Japanese shares led gains this week and the yen fell the most since 1999 after Japanese Prime Minister Shinzo Abe’s party won upper-house elections, giving him a fresh mandate to boost efforts to revive the economy.
China’s factory output, retail sales and new lending for last month also topped estimates, while investment slowed.

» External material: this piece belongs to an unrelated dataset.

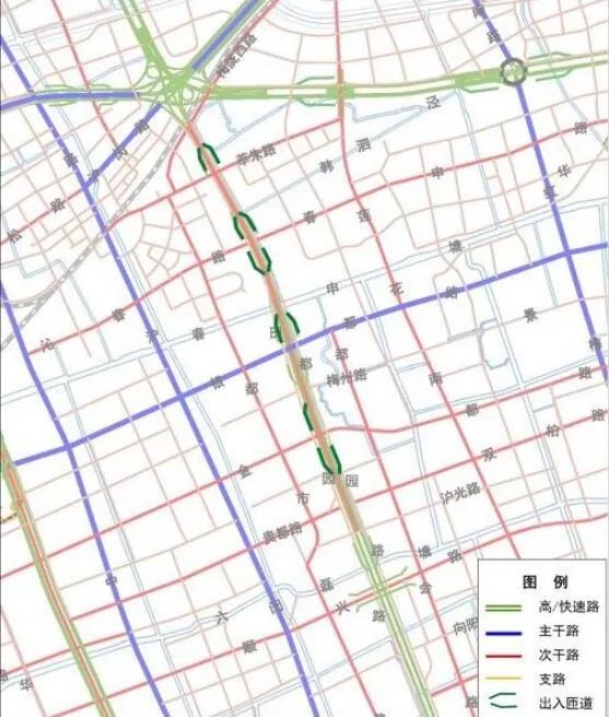 S4公路高架主线为高速公路入城段,服务长距离交通;地面辅道为城市次干路,服务闵行南部地区到发交通。

The US also has a data dump coming on Friday, with gauges of household spending, inflation, industrial production and consumer confidence scheduled.
Fast Retailing Co jumped 18 percent in Tokyo, the most since 1998, after the Uniqlo clothing chain owner posted a profit that beat estimates.
Line Corp shot up 32 percent in its Japan trading debut after the messaging company raised more than US$1 billion in the biggest technology initial public offering of the year.
Australia’s S&P/ASX 200 Index climbed 0.3 percent, South Korea’s KOSPI advanced 0.4 percent, while New Zealand’s S&P/NZX 50 Index slipped 0.1 percent.
Singapore Exchange Ltd reopened after a disruption shut trading on Thursday. The benchmark Straits Times Index climbed 0.6 percent.
Hong Kong’s Hang Seng Index gained 0.4 percent and the Shanghai Composite was steady. The 14-day relative-strength index on the mainland Chinese gauge this week edged above 70 for the first time since just before last summer’s US$5 trillion rout.
India’s S&P BSE SENSEX Index lost 0.3 percent.